Sedangkan pemerintah dalam konferensi pers-nya mengungkapkan bahwa peningkatan angka pasien yang terkonfirmasi kebanyakan dari Orang Tanpa Gejala (OTG).
Informasi tentang status OTG pun juga masih terdapat perbedaan. Juru Bicara Pemerintah untuk Penanganan COVID-19 Achmad Yurianto, jelas mengatakan mereka adalah orang-orang tanpa gejala, yaitu orang-orang yang dalam tubuhnya telah terdapat virus dan berkembang biak, kemudian menyebar ke sekitarnya melalui percikan ludah, droplet, pada saat dia berbicara, bersin atau batuk.
Dari pernyataan itu dapat dipastikan bahwa OTG (Orang Tanpa Gejala) merupakan pasien yang juga positif terjangkit virus corona yang dapat menyebarkan virus pada sekitarnya.
Hal ini malah berbeda yang terjadi di beberapa daerah, yang dimana OTG (Orang Tanpa Gejala) disamakan statusnya dengan Orang Dalam Pemantauan (ODP), sehingga hanya dianjurkan untuk karantina mandiri, tanpa pemeriksaan apa pun. Koordinasi dan komunikasi yang tidak satu titik ini hanya malah menambahkan kepanikan.
Terbukti, dengan tidak adanya aksi preventif yang dilakukan pemerintah seperti di atas, kecemasan warga terhadap penyebaran covid-19 ini makin tinggi. Masker dan hand sanitizer serta bahan-bahan antiseptic pun jua telah habis di pasaran. Di beberapa daerah, stok makanan pun mulai terbatas.
Kendati demikian, pencegahan penyebaran covid-19 tidak serta hanya tugas pemerintah saja. Ini adalah pandemik dan sudah menjadi bencana dunia, yang sudah pasti membutuhkan kekuatan dan komitmen bersama. Karena ini adalah tugas bersama, kita harus membangun asas kebersamaan untuk capaian yang harus segera diselesaikan dalam menghadapi covid-19.

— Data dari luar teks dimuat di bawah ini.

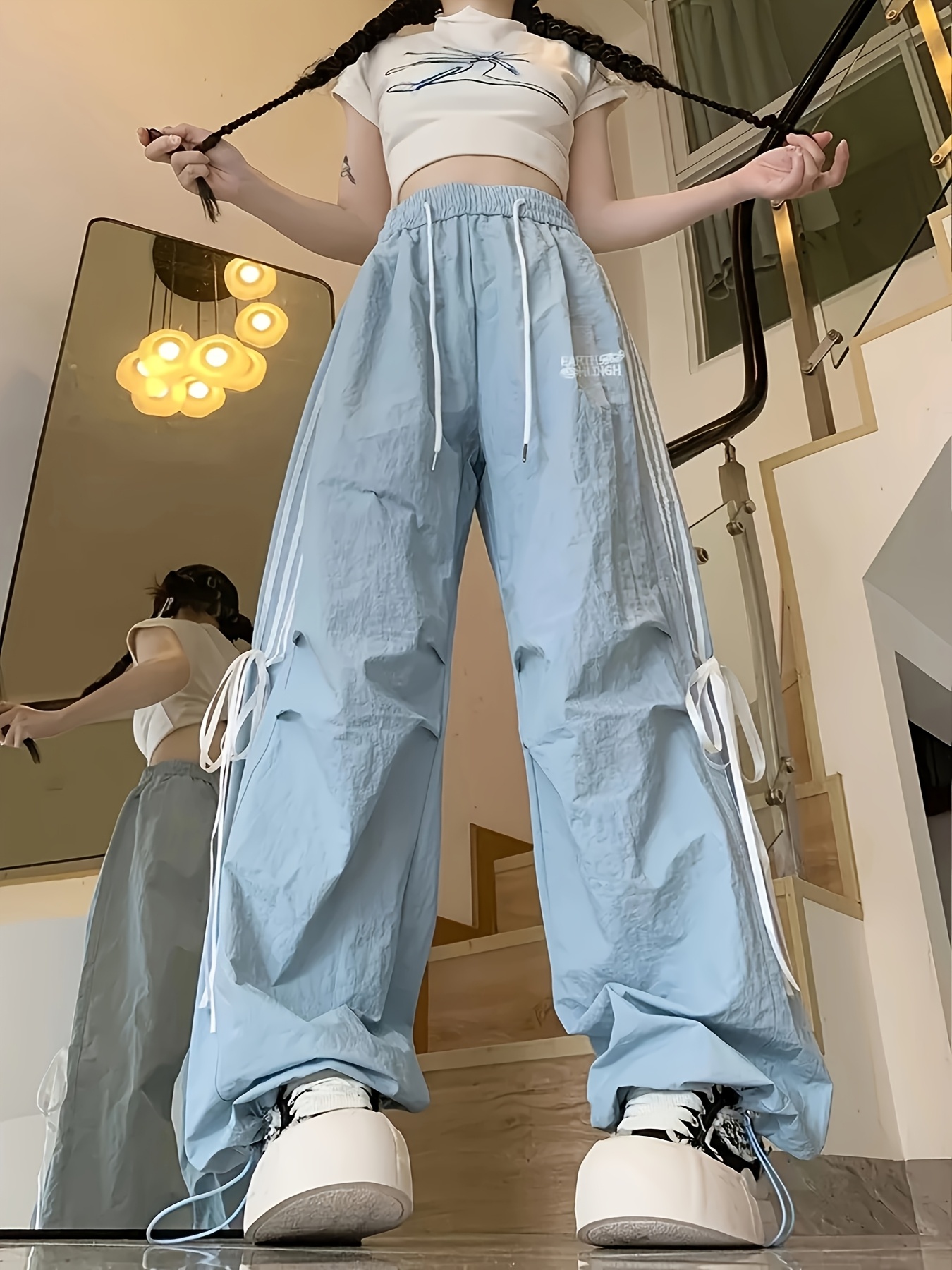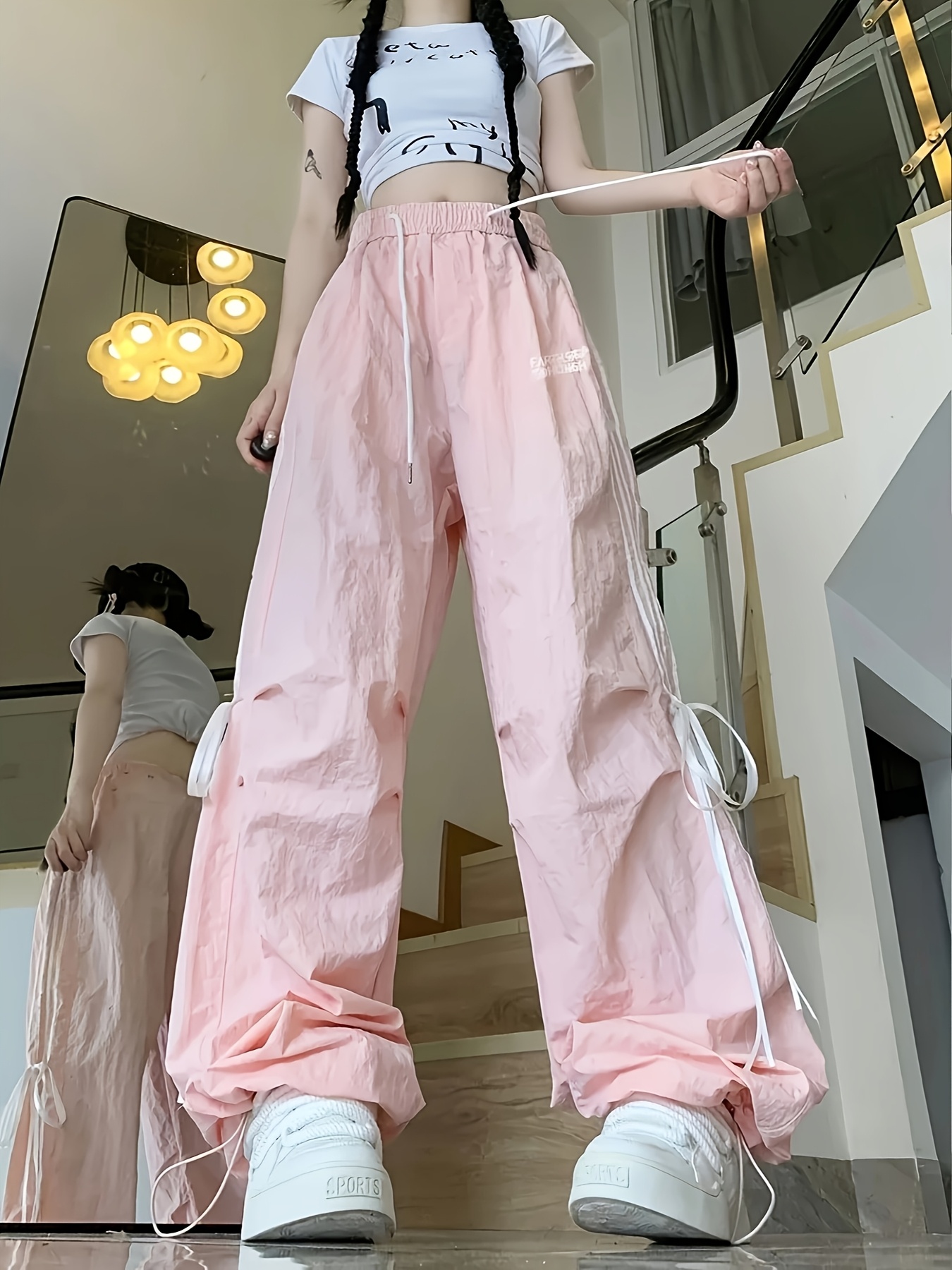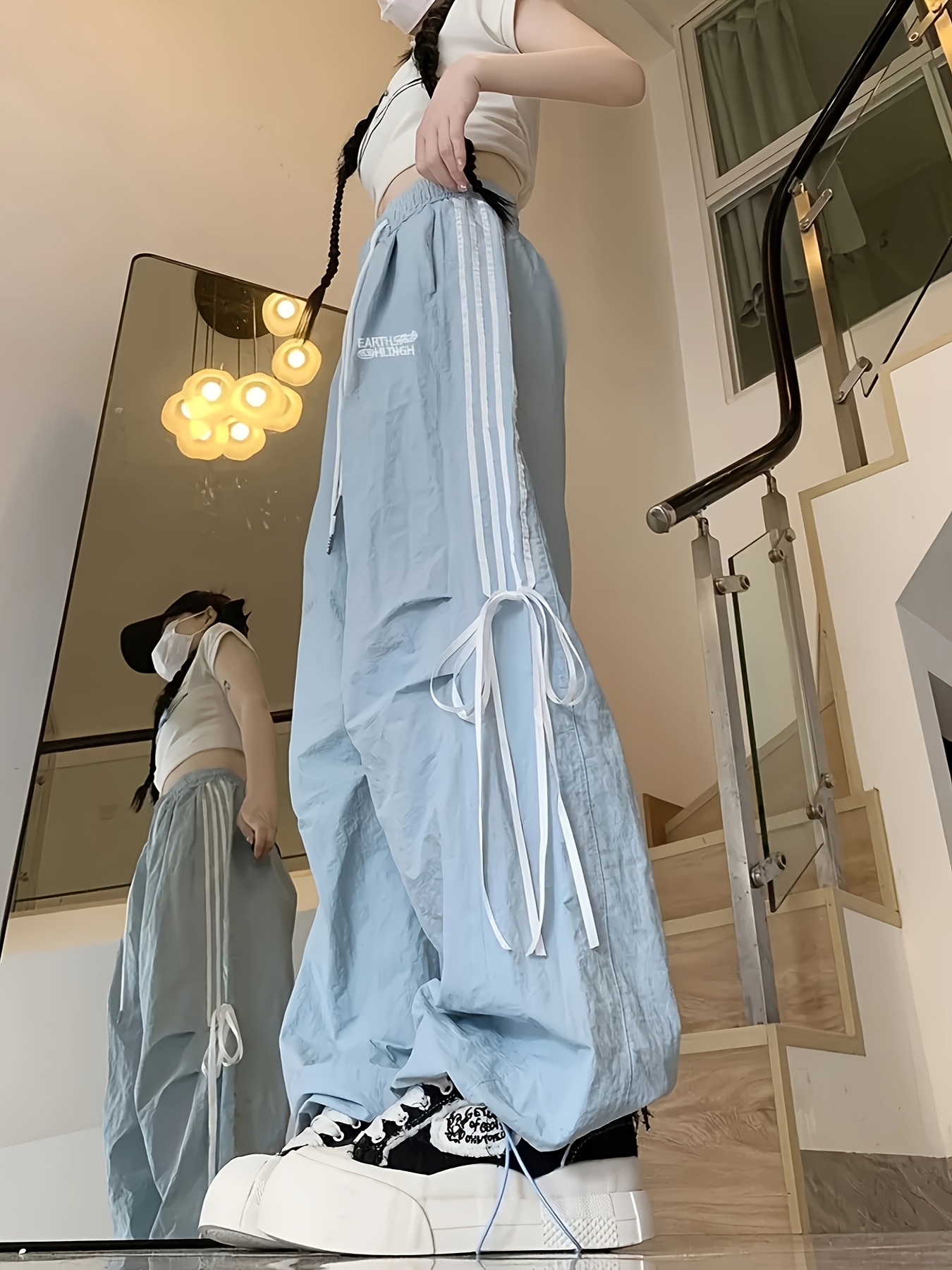 Home Women's Athleisure Sweet Bow Striped Casual Pants for Women, New Spring And Summer Dopamine Wide Loose-Fit Casual Work Pants, Striped Bow Colorful Casual Pants for Women, Wide-Leg Pants for Sports

Sikap terbuka dengan bersama-sama berpacu melawan corona merupakan titik pangkal agar persoalan ini dapat teratasi.
Sikap menyerahkan penanganan covid-19 hanya tugas pemerintah malah membuat kita merugi dengan sendirinya. Sebab Covid-19 merupakan wabah yang tidak hanya menyerang segelintir orang. Covid-19 tidak memiliki mata untuk melihat jabatan dan kekayaan. Dia menyerang semua orang tanpa pandang bulu.

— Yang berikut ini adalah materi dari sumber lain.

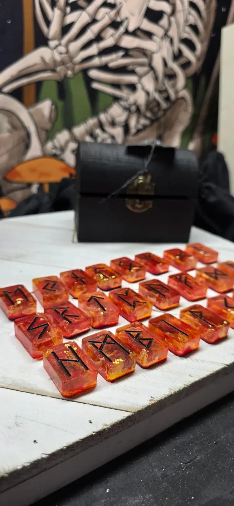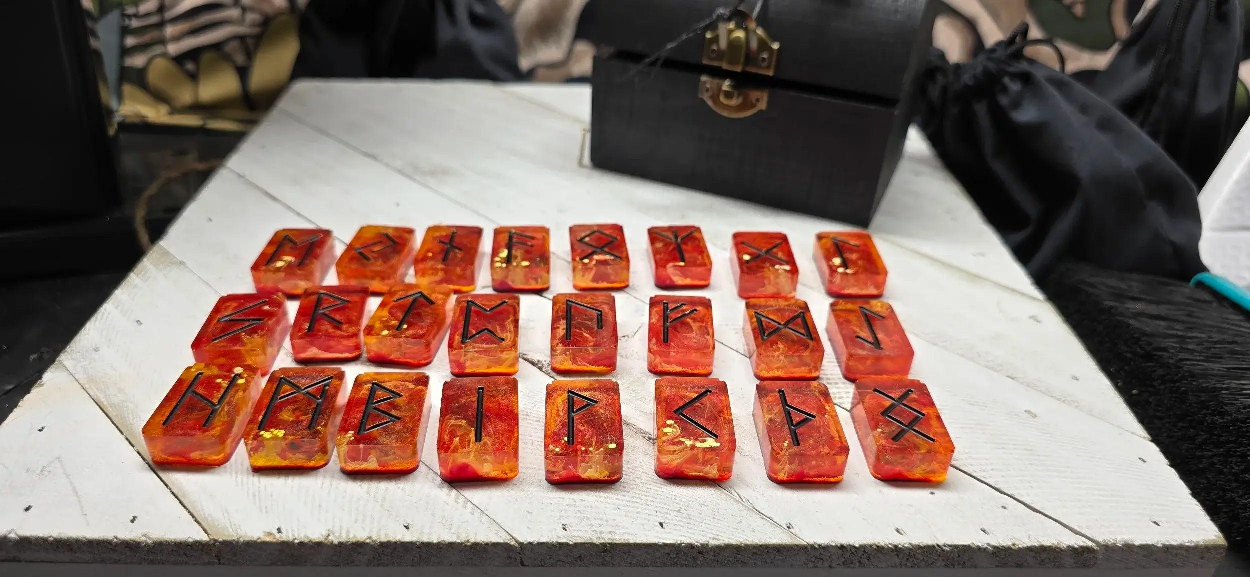 Each set is a one-of-a-kind creation, born from the careful hands of a fellow adventurer. Like treasures discovered within a dragon’s hoard or potent ingredients gathered under a silvery moon, every rune has been individually formed and imbued with its own distinct character.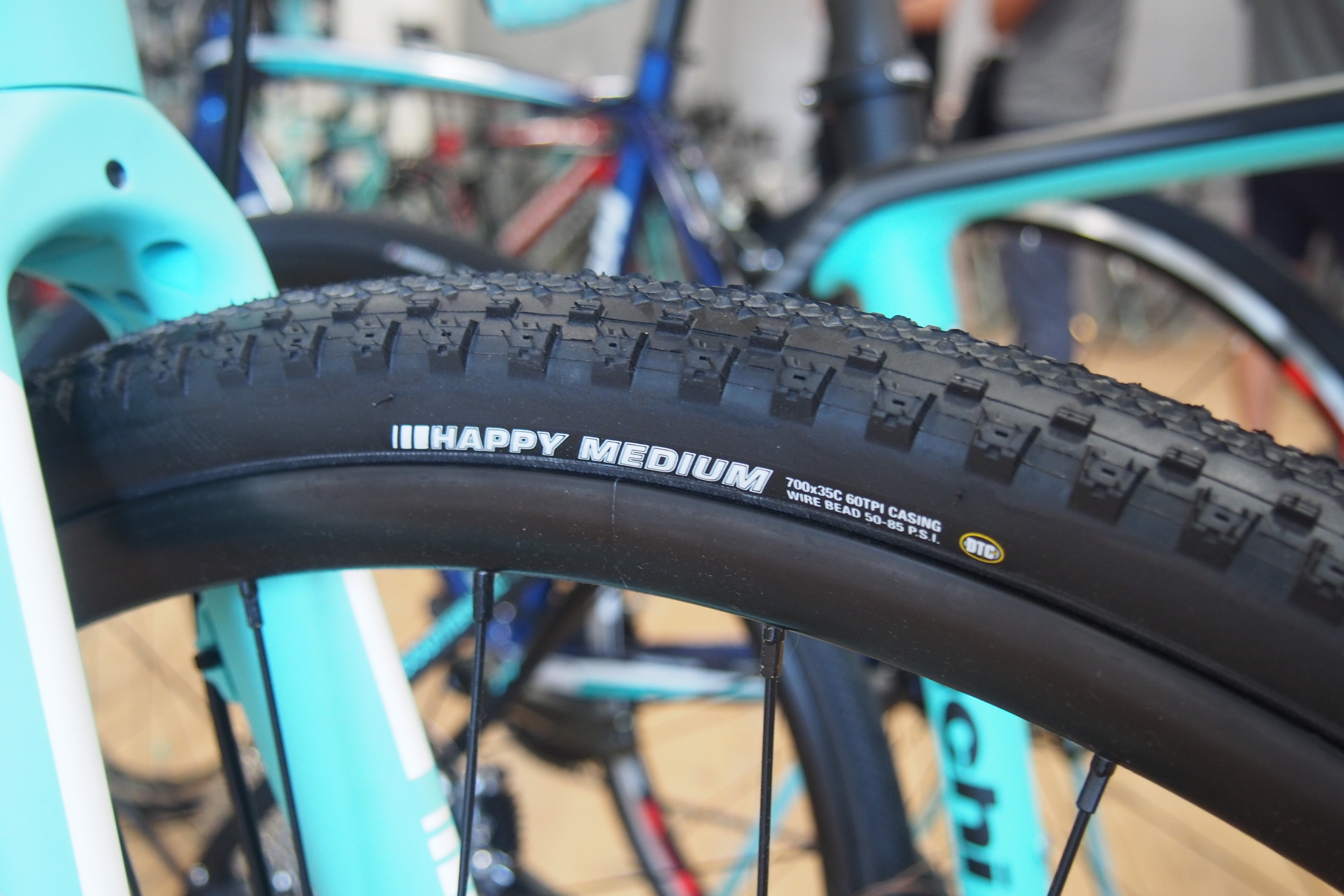 タイヤ中央はノブが低く、サイドは高いノブが配されたセミスリックタイヤ。舗装路における抵抗少なく軽快な走りを可能としながらもコーナリングでも安心してグリップし、シクロクロスのドライコンディションや、アスファルト、よく慣れた林道、砂利道などオールマイティに使いやすいタイヤが採用されております。

Mungkin yang paling banyak disayangkan, di tengah-tengah penyebaran corona, sebagian masyarakat malah menjadikan hal ini sebagai ladang bisnis. Mereka tidak memusingkan penyebaran corona, namun mereka lebih memusingkan barang dagangnya tidak laku.
Tak dapat dimungkiri, psikologis masyarakat sangat dipengaruhi oleh kondisi lingkungan. Kepanikan yang muncul di masyarakat Indonesia sudah pasti akan terjadi. Informasi dan berita hoaks yang merajalela kadang dijadikan alat untuk mempropagandakan masyarakat Indonesia untuk memunculkan reaksi yang berlebihan.
Pola pemikiran masyarakat Indonesia yang lebih condong eksklusif dengan serangan berita-berita yang mengatasnamakan kepentingan kemanusiaan, agama ternyata hanya bualan kepentingan bisnis belaka.
Nilai-nilai kemanusiaan yang harusnya menjadi sarana untuk melawan pandemik lebih diutamakan, ketimbang meraup keuntungan di atas penderitaan yang lain. Kalau semuanya juga ikut panik, pasti kita pun juga akan panik.